# Hen's Teeth Do Exist!



## waspocrew (Nov 26, 2011)

I've been looking for the 6.5mm Accubond LR for quite some time now and lucked into a couple of boxes! Now if only my 6.5 Sherman build would hurry up.... I imagine I can push these puppies above 3300 FPS. Has anyone tried the ABLR in 6.5 or any other caliber?








[/URL][/IMG]


----------



## Springville Shooter (Oct 15, 2010)

I tried the 150 7MM version in my 280 and 7 Dakota. Got average results in both. My brothers 7 Rem Mag seemed to like them so we are loading them in that. I heard some poor reports so I conducted some bullet tests in wet newspaper. Be aware that these bullets preform nothing like standard Accubonds at close to mid range. My Dakota was still blowing them to pieces at 300 yards where standard AB's are retaining 75%. If faced with a shot closer than 500 yards, I would seriously avoid big bones with these bullets. I guess that's whay they are called "Long Range" Accubonds. Coefficient numbers are awesome but I think I'll pass.------SS


----------



## waspocrew (Nov 26, 2011)

That's disappointing to hear about the poor results- I guess sometimes a company doesn't have to improve upon something that already works great. 

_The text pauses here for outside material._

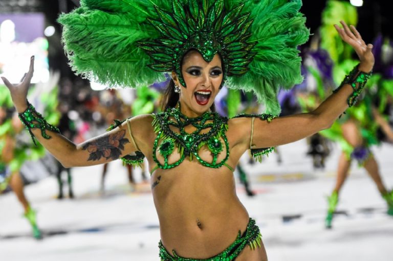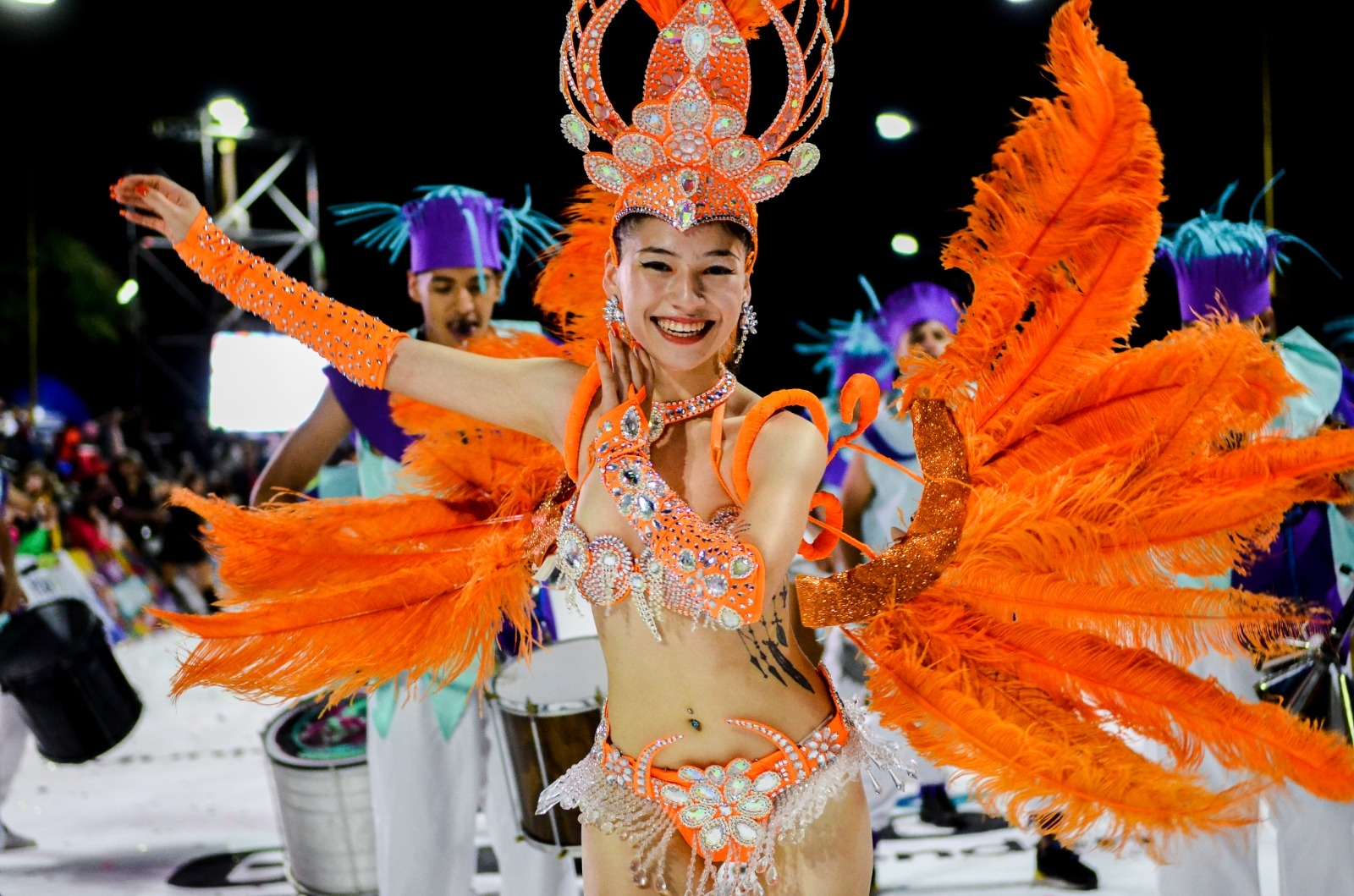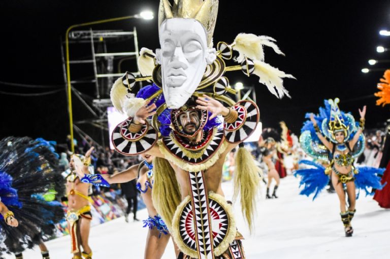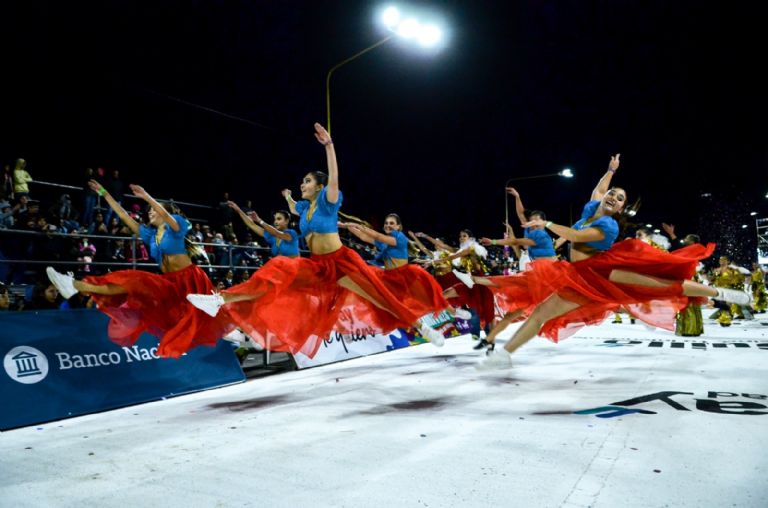 Mari – Mari, la comparsa que llegó desde Gualeguaychú brindó sus imponentes bailes y vestuarios, que trasladó imaginariamente al litoral del país.
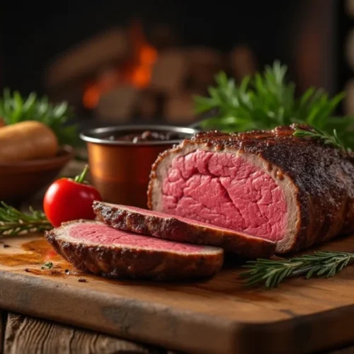 • Family Style: For casual gatherings, serve the sliced roast on a wooden board surrounded by small bowls of different sauces—the traditional reduction, horseradish cream, and a fruit chutney—allowing guests to customize their experience.

I don't think I'll be too disappointed if I have to hunt with the regular Accubond. I've killed a couple of bears with the 140s in a 270 WSM and they knocked them off their feet. 

Now I'm definitely interested in seeing how these perform.


----------



## Springville Shooter (Oct 15, 2010)

The guys over on the Long Range forums are loving them for super long range work. I guess they do perform better than the Bergers at 700-1200 yards. I dont shoot animals that far away.......not animals that I eat anyway.-------SS


----------



## Azar (Oct 21, 2014)

Springville Shooter,

Thanks for sharing your results. I've read the same thing about the .277 150 ABLR too. You can find the gentlemen's full results here.

(277 150g ABLR, 2920 fps @ muzzle, tested at 100 yards)


slimjim @ HuntingNut.com said:


> I was very surprised when I pulled a very small mushroom from the trap. The bullet only measured 0.332" long (down from 1.430"), expansion was 0.453", weight retention was 37%, and penetration was only through 1400 pages of the phonebook. Of all the bullets I have tested in my .270 Win, this bullet's expansion is the smallest, its retained weight the lowest, and its penetration the shallowest.
> ...
> There was evidence of significant fragmentation (picture below). I have never seen fragmentation like this show up on the corrugated plastic which sits right behind the water jug. Not even with the 120gr SST which fragments more than any other bullet I've tested.
> ...
> ...


----------



## swbuckmaster (Sep 14, 2007)

How do the bergers perform on the short shots. Do they also explode?


----------